*** RECORDS SUPPLIED Section Begins ***

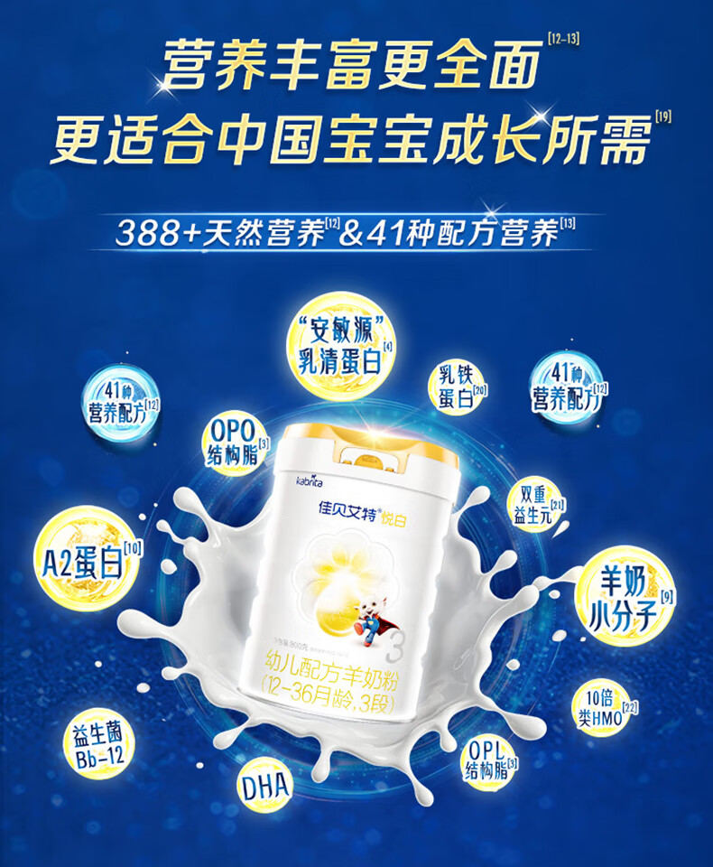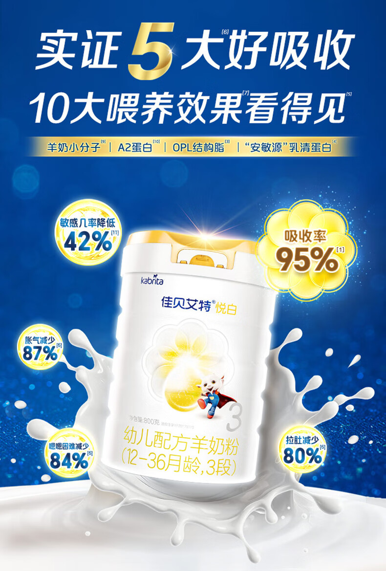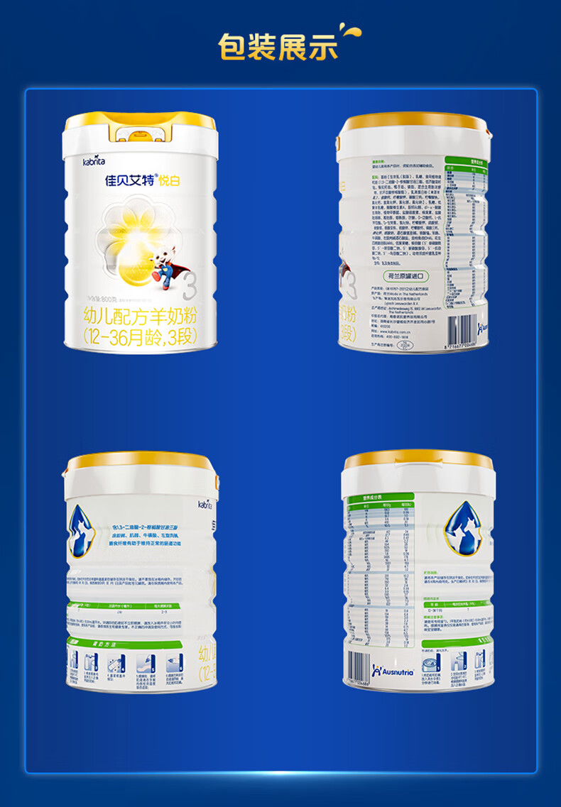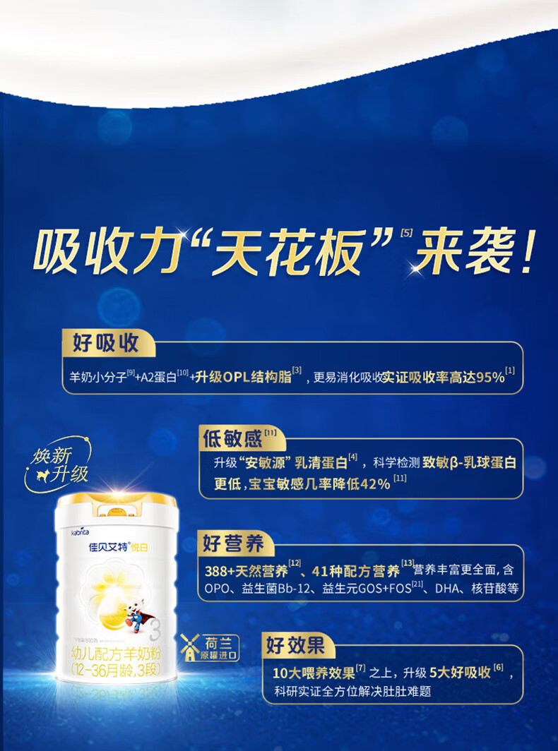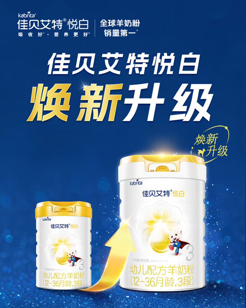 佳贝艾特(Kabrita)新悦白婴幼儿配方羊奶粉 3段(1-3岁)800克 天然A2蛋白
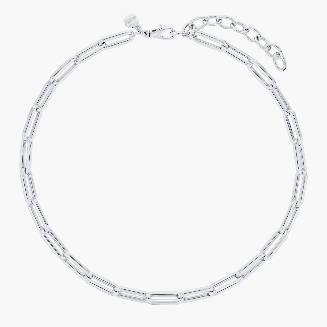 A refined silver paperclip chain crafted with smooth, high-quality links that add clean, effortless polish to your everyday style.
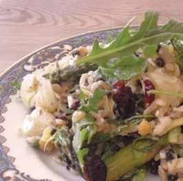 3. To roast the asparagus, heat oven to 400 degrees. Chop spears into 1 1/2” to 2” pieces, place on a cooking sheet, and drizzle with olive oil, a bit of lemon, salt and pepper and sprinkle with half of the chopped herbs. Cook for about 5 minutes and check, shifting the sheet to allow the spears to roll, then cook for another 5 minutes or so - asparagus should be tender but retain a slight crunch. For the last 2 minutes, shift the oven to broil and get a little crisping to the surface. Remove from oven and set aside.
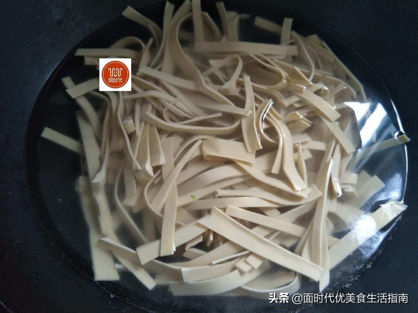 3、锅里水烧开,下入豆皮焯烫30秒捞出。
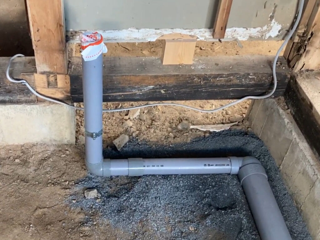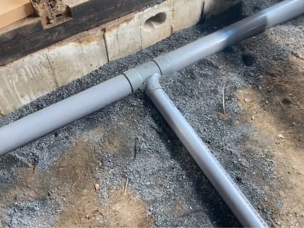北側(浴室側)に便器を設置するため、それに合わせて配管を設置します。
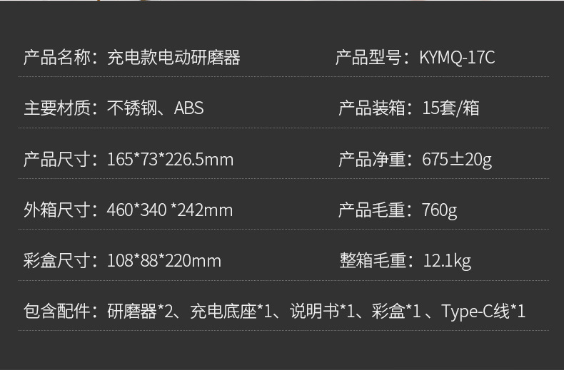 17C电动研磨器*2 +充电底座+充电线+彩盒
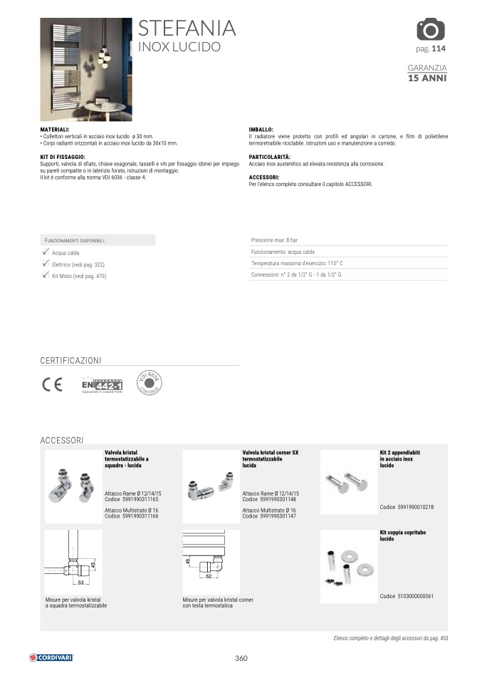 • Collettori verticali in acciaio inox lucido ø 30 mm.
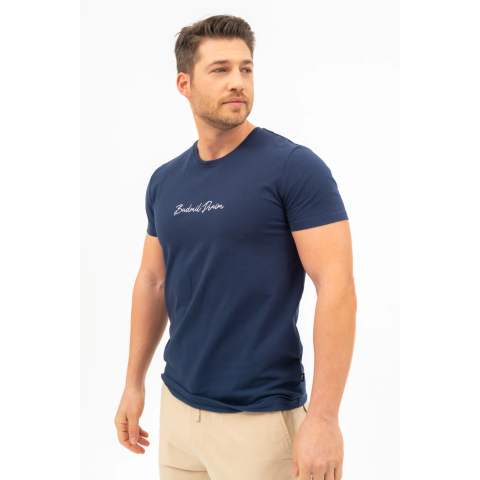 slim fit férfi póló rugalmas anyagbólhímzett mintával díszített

*** RECORDS SUPPLIED Section Ends ***

Please output every record above exactly as written, leaving out the pictures.

 佳贝艾特(Kabrita)新悦白婴幼儿配方羊奶粉 3段(1-3岁)800克 天然A2蛋白
 A refined silver paperclip chain crafted with smooth, high-quality links that add clean, effortless polish to your everyday style.
 3. To roast the asparagus, heat oven to 400 degrees. Chop spears into 1 1/2” to 2” pieces, place on a cooking sheet, and drizzle with olive oil, a bit of lemon, salt and pepper and sprinkle with half of the chopped herbs. Cook for about 5 minutes and check, shifting the sheet to allow the spears to roll, then cook for another 5 minutes or so - asparagus should be tender but retain a slight crunch. For the last 2 minutes, shift the oven to broil and get a little crisping to the surface. Remove from oven and set aside.
 3、锅里水烧开,下入豆皮焯烫30秒捞出。
北側(浴室側)に便器を設置するため、それに合わせて配管を設置します。
 17C电动研磨器*2 +充电底座+充电线+彩盒
 • Collettori verticali in acciaio inox lucido ø 30 mm.
 slim fit férfi póló rugalmas anyagbólhímzett mintával díszített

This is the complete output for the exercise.